Please repeat the lines below exactly. Begin with the line containing "Class is in" and go on through the line containing "Figure 1: morphology of Spermacoce latifolia".

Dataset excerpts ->
[Start of section]

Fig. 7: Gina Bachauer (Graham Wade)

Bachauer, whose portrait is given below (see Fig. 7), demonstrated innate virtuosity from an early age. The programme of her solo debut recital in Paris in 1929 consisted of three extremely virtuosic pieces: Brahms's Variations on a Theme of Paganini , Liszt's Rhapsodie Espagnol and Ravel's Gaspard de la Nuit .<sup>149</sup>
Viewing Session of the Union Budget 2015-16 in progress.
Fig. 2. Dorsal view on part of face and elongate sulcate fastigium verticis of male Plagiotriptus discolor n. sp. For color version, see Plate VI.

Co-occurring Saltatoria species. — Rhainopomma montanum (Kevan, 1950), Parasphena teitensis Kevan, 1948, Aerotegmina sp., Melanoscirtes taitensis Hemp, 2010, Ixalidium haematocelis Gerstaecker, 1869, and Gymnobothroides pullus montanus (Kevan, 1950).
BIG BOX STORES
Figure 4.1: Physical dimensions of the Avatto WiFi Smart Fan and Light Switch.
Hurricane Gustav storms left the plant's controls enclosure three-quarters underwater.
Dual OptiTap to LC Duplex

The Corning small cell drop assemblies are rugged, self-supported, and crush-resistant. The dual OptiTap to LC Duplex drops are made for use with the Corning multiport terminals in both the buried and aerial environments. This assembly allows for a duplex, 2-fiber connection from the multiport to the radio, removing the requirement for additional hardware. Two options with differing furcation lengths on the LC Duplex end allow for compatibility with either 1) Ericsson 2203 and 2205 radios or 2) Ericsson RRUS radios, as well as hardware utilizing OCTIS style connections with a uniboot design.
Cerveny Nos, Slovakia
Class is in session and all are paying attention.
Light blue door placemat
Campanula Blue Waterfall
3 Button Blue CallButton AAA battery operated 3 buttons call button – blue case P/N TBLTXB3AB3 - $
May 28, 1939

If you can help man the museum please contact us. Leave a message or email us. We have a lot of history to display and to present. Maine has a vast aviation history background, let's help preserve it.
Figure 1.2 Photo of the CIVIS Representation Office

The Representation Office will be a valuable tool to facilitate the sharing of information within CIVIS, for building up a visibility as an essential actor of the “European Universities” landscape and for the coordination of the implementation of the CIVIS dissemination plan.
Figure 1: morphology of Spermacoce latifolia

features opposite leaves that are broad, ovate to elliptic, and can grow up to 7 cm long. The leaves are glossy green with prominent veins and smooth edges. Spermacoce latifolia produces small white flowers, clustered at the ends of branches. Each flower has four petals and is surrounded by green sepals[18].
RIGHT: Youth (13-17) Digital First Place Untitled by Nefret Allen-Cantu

[End of section]
[Start of section]

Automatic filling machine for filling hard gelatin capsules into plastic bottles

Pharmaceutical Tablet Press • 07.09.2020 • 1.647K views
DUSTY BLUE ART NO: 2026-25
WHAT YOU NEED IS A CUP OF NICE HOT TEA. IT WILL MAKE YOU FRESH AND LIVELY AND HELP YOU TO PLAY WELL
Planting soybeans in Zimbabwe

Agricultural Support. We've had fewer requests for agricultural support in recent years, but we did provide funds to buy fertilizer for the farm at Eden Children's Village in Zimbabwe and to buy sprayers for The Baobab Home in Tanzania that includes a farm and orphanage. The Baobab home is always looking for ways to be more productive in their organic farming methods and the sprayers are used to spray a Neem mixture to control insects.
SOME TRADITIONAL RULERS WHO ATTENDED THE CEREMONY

[End of section]
[Start of section]

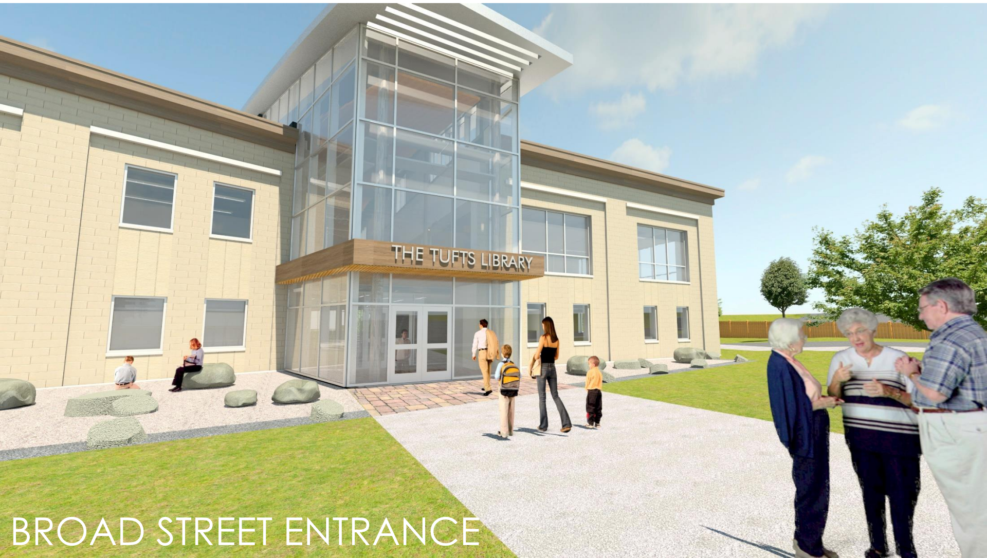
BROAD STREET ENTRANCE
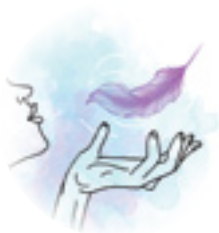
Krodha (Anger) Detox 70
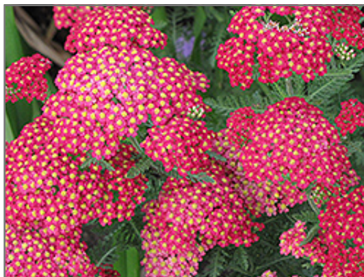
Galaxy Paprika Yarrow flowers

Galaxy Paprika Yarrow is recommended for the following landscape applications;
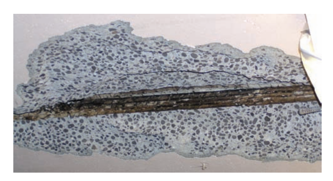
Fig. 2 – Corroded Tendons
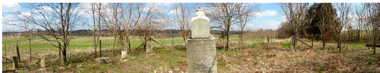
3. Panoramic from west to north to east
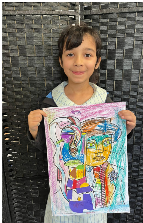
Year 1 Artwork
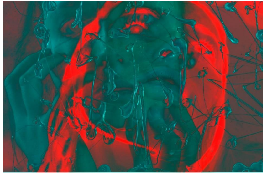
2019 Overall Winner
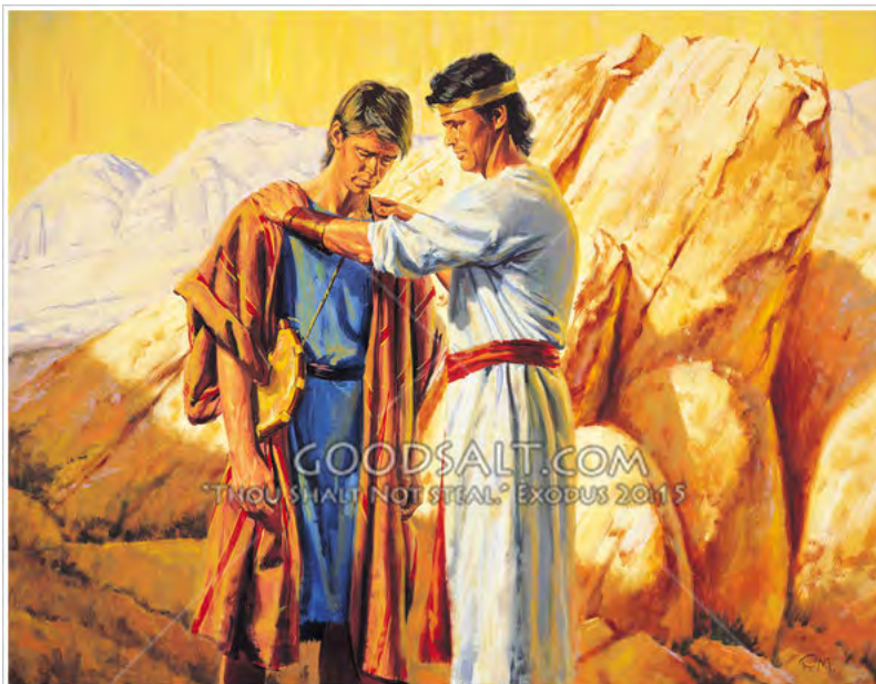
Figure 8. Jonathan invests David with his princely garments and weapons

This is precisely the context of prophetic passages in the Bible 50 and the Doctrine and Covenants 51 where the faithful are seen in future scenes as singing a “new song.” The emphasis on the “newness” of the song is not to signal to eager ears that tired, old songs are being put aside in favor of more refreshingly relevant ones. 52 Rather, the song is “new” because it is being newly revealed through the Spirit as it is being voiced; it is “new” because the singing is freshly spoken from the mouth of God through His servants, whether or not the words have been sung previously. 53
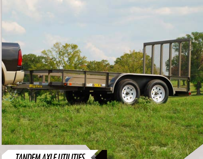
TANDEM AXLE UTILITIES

[End of section]

Answer box ->
Class is in session and all are paying attention.
Light blue door placemat
Campanula Blue Waterfall
3 Button Blue CallButton AAA battery operated 3 buttons call button – blue case P/N TBLTXB3AB3 - $
May 28, 1939

If you can help man the museum please contact us. Leave a message or email us. We have a lot of history to display and to present. Maine has a vast aviation history background, let's help preserve it.
Figure 1.2 Photo of the CIVIS Representation Office

The Representation Office will be a valuable tool to facilitate the sharing of information within CIVIS, for building up a visibility as an essential actor of the “European Universities” landscape and for the coordination of the implementation of the CIVIS dissemination plan.
Figure 1: morphology of Spermacoce latifolia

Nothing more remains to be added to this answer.